When refueling in Sarnia (At the refinery dock) we would pump the sludge ashore to the refinery.
Next ship maybe got it back again mixed with their fuel as it had a s.g. of .997.


----------



## manson_shetland

lakercapt said:


> When refueling in Sarnia (At the refinery dock) we would pump the sludge ashore to the refinery.
> Next ship maybe got it back again mixed with their fuel as it had a s.g. of .997.

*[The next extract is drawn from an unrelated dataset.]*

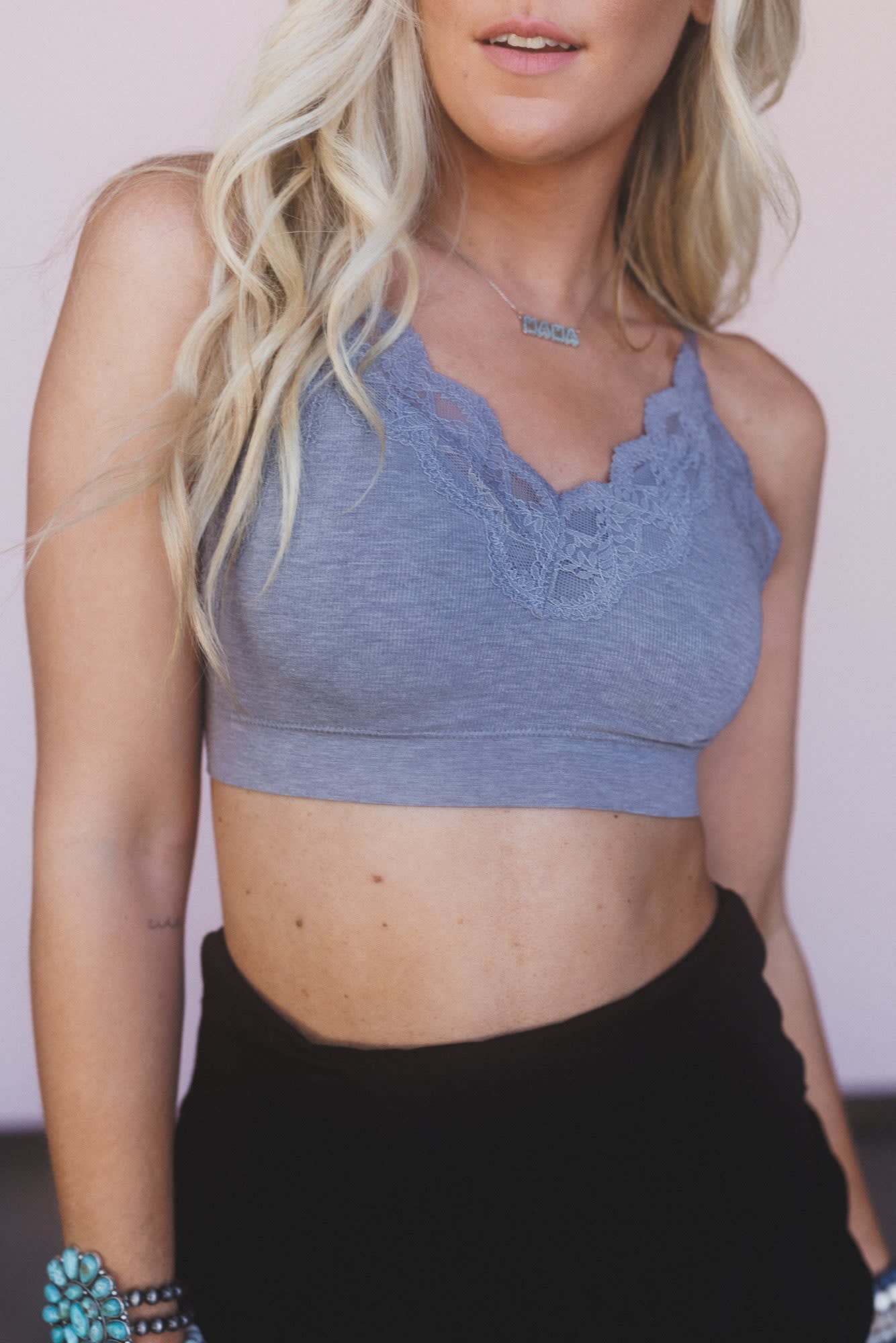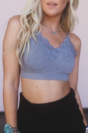 This lace bralette layers perfectly with scoop neck tops and jersey overalls.Β

This happened a couple of years ago on a containership I was serving on. We loaded 800MT of heavy oil bunkers from anchorage off Odessa, and within a very few hours of starting to process these bunkers the purifiers had choked up solid due to the sludge in the fuel. We had to get rid of the whole lot again at our next port, and with HFO at around $600-700 per tonne at the time, I wouldn't have liked to have been left with the bill for that lot!


----------



## Satanic Mechanic

Well...................

These days the Oil Record Book tends to be one of the most acccurate pieces of literature in existence - try getting caught with an anomoly for a giggle.

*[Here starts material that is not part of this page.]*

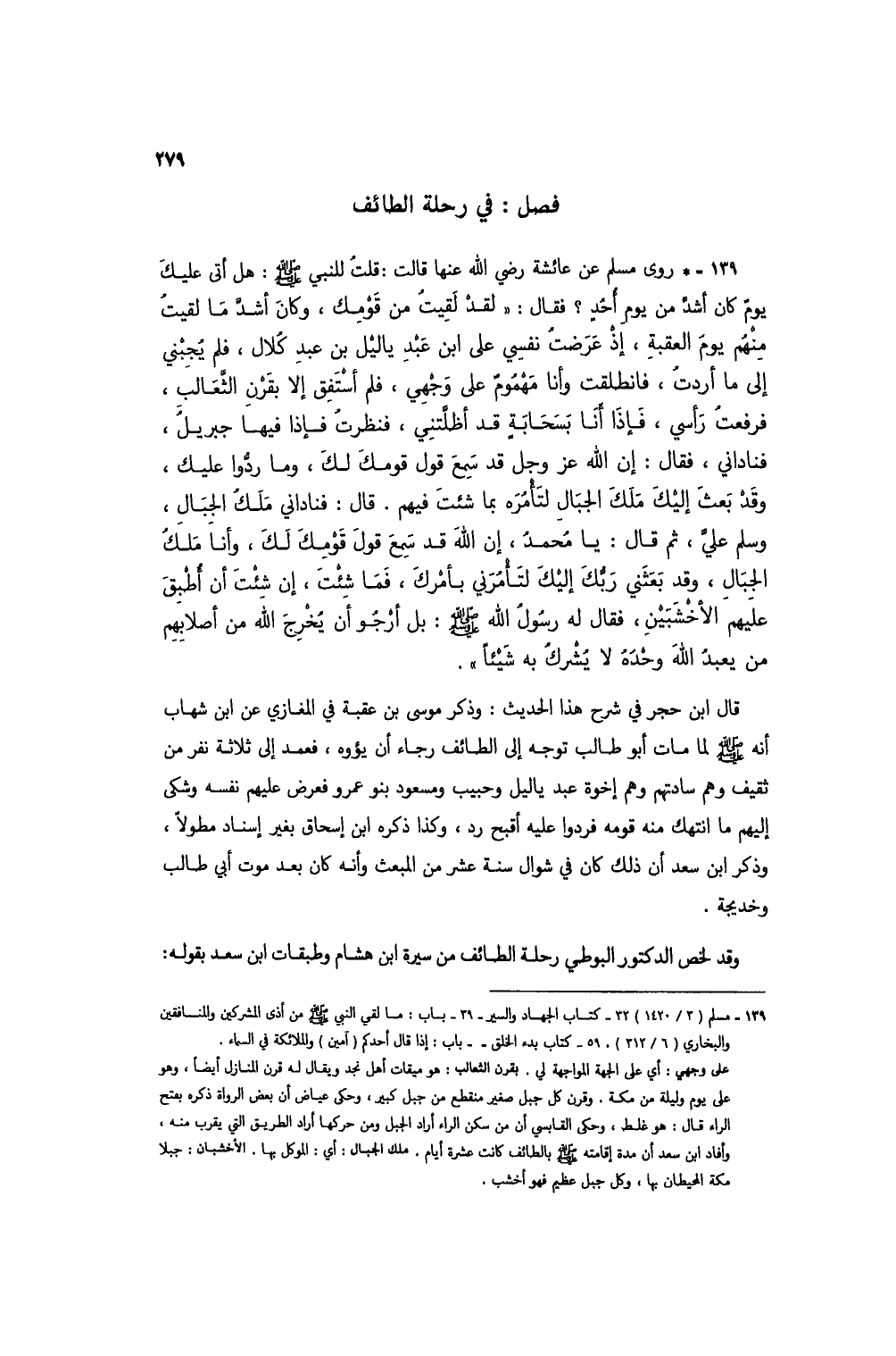 وقد لخص الدكتور البوطي رحلة الطائف من سيرة ابن هشام وطبقات ابن سعد بقوله:

Secret pipes - really really really bad news to get caught with one of them.

sludge - i prefer to pump it to shore reception at every opprtunity


----------



## Satanic Mechanic

JT McRae said:


> It's probably the main thing that I insist upon with my ER staff that this book is written up accurately and I check it daily.


If possible I have one person that fills it in (depends on staff levels of course) that way it reduces the chance of any embarrasment


----------



## alan ward

chadburn said:


> At the time we were dumping the Goverment's were dumping chemical weapon's!!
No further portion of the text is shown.